Again, I got into my car and wanted to cry but my anger took over. Mad and frustrated of how life is right now for so many people. I had heard two days prior about how the suicide rates are actually higher than the coronavirus deaths now. The day before a friend of mine who works as a doctor said that two of her clinic’s patients had taken their lives. (disclaimer: I am not suicidal and would never attempt to end my life) I legitimately thought about how if I didnt know Christ I would be one of those suicide statistics because the little hope I do have right now wouldn’t exist. 

 

I went about my drive and I felt myself getting angrier and hopeless so I drove home. I chatted with a friend that night and she told me about an Instagram live worship vespers that my old pastor and his daughter did so I checked it out. I immediately began bawling my eyes out.

 

Over the last two days I have realized that I had let myself fall out of routine. Not reading my bible, spending too much time on social media, not investing in any creative outlets etc… Which plays a huge role in keeping sane for me. So I started Monday to get back on track. Even though it meant waking up earlier than I would have liked. Then today I stumbled upon a book about the enneagram. I have somewhat recently discovered that I am a type 8 on the enneagram. Known as the challenger, the passionate pursuer of justice, the one who speaks up for those who cannot. Want to know what an 8s biggest fear is? Being controlled. 

 

Being controlled by someone who might take advantage of everyone wearing masks.
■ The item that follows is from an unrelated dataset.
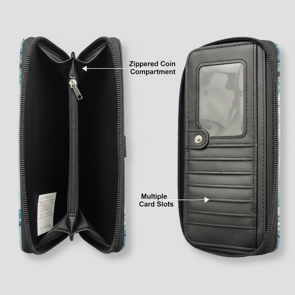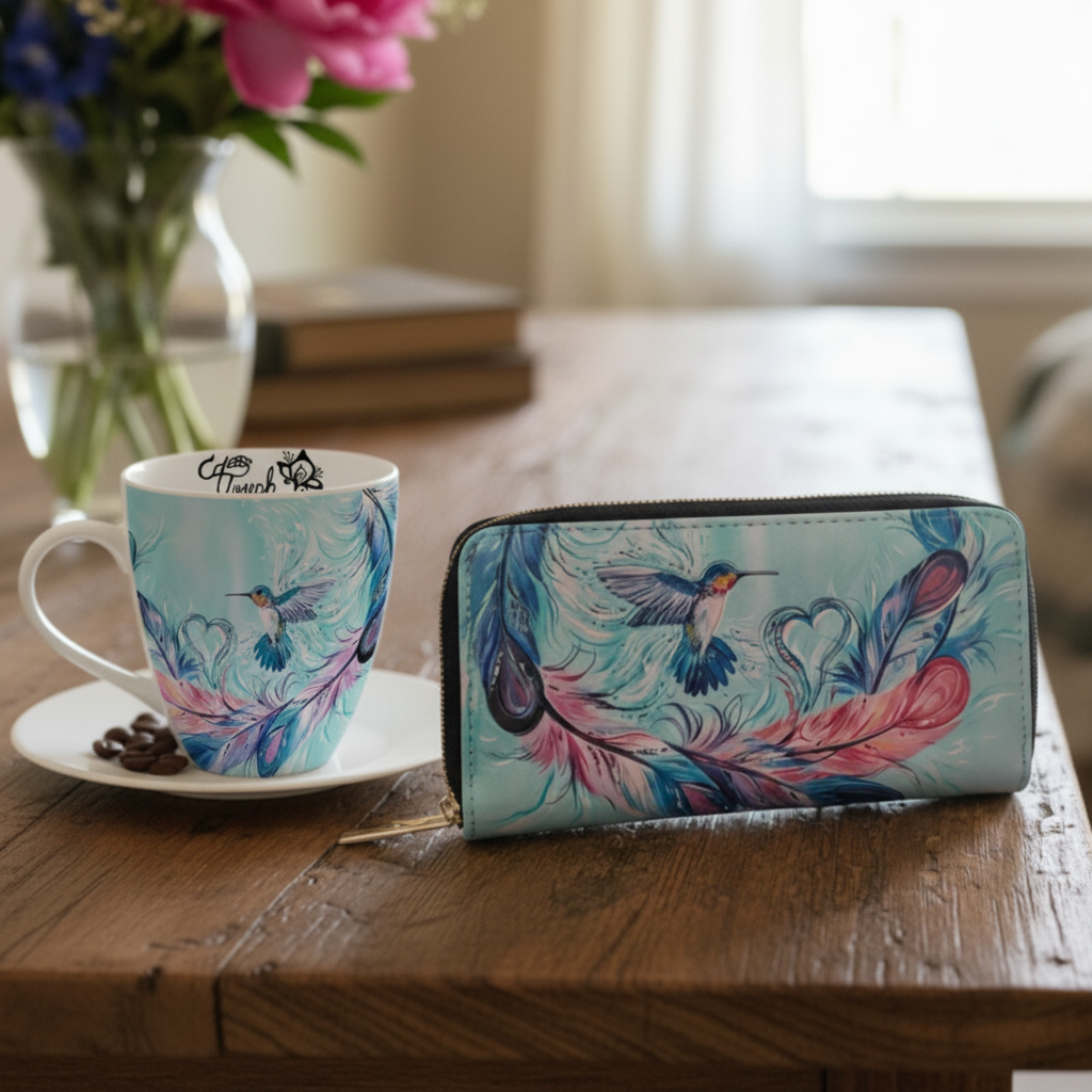 Carry the beauty of Indigenous art with you every day. This stunning wallet features the Hummingbird Feathers design by artist Carla Joseph - Métis/Cree, beautifully embossed on both sides.

Being controlled by being forced to wear a mask in public.

Being controlled by being told it’s unsafe to be around others.

 

Anything else you can think of that has to do with control surrounding Covid-19? Yup, just about everything. It was like a lightbulb went off for me. I was finally able to see where all my anger and frustrations were coming from. The fact that I felt like I was being told what to do when I didn’t agree with it. It was then in that moment I could breathe and let the anger go. To look at my circumstances and say “Yes, I may not be in control but God is and so I have to put my trust in Him when I don’t trust anything else around me”. 

 

So how does a high functioning introvert, type 8 who also feels like they are being suffocated survive Covid-19? They remember to breathe, give themselves grace to not be ok, lean into Jesus and refuse to go into any store that makes them wear a mask. Lol. 

 

I share this with you today because I hope you know you are not alone. I tend to isolate and pretend everything is ok when it is not and then I fall into a pit and have to climb out. I want to encourage you in this: don’t be afraid to share how you really feel. We are all going through really tough times right now. A friend told me a few weeks ago “we are all in the same storm but different boats”. My boat had some holes and really heavy things I’ve been in the process of throwing overboard. Maybe your boat is in great condition and you are doing fine. Maybe your boat is so overflowing with water its filling up faster than you can dump water out. Both are ok. But remember, now is the time more than ever to pour into others and reach out if you need help emptying the water from your boat. Just because we are in different boats doesn’t mean we can’t tie them together and get through this storm.